_Problem statement_:
Every line below from the one with "These tiny Gold" through the one with "Čalúnená posteľ VERA" should be retyped exactly, both ends included; no other lines and no pictures.

_Available data_:
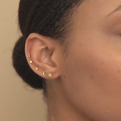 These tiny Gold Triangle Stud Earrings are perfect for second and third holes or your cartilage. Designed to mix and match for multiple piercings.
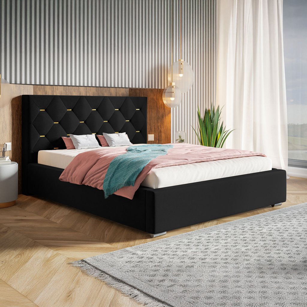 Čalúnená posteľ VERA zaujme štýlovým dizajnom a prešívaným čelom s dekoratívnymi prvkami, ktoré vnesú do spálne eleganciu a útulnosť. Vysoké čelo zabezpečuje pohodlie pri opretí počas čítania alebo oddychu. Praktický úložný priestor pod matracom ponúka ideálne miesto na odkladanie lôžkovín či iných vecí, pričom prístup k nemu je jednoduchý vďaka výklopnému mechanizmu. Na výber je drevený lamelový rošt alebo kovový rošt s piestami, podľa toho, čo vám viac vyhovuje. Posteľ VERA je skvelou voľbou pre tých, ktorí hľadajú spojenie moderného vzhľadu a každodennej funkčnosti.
* * *
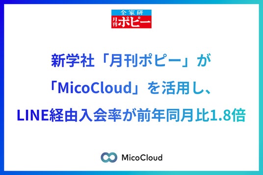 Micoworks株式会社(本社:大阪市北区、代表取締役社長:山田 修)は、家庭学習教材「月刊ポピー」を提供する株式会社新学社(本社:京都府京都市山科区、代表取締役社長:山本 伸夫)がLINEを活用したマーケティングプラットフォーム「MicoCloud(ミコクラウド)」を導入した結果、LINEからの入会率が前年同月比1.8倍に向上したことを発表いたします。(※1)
* * *
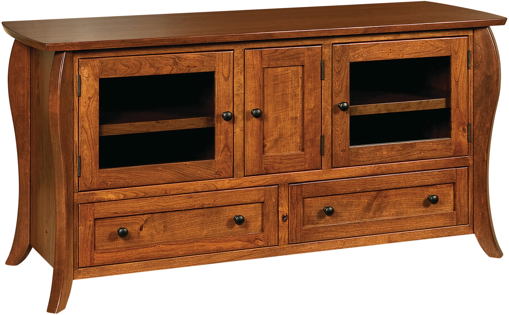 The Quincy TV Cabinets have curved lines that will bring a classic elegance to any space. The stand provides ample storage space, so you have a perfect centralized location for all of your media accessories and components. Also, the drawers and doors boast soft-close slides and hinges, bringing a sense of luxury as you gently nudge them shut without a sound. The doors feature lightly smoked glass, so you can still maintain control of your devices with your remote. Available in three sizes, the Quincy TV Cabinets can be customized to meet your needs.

_Solution to the problem_:
 These tiny Gold Triangle Stud Earrings are perfect for second and third holes or your cartilage. Designed to mix and match for multiple piercings.
 Čalúnená posteľ VERA zaujme štýlovým dizajnom a prešívaným čelom s dekoratívnymi prvkami, ktoré vnesú do spálne eleganciu a útulnosť. Vysoké čelo zabezpečuje pohodlie pri opretí počas čítania alebo oddychu. Praktický úložný priestor pod matracom ponúka ideálne miesto na odkladanie lôžkovín či iných vecí, pričom prístup k nemu je jednoduchý vďaka výklopnému mechanizmu. Na výber je drevený lamelový rošt alebo kovový rošt s piestami, podľa toho, čo vám viac vyhovuje. Posteľ VERA je skvelou voľbou pre tých, ktorí hľadajú spojenie moderného vzhľadu a každodennej funkčnosti.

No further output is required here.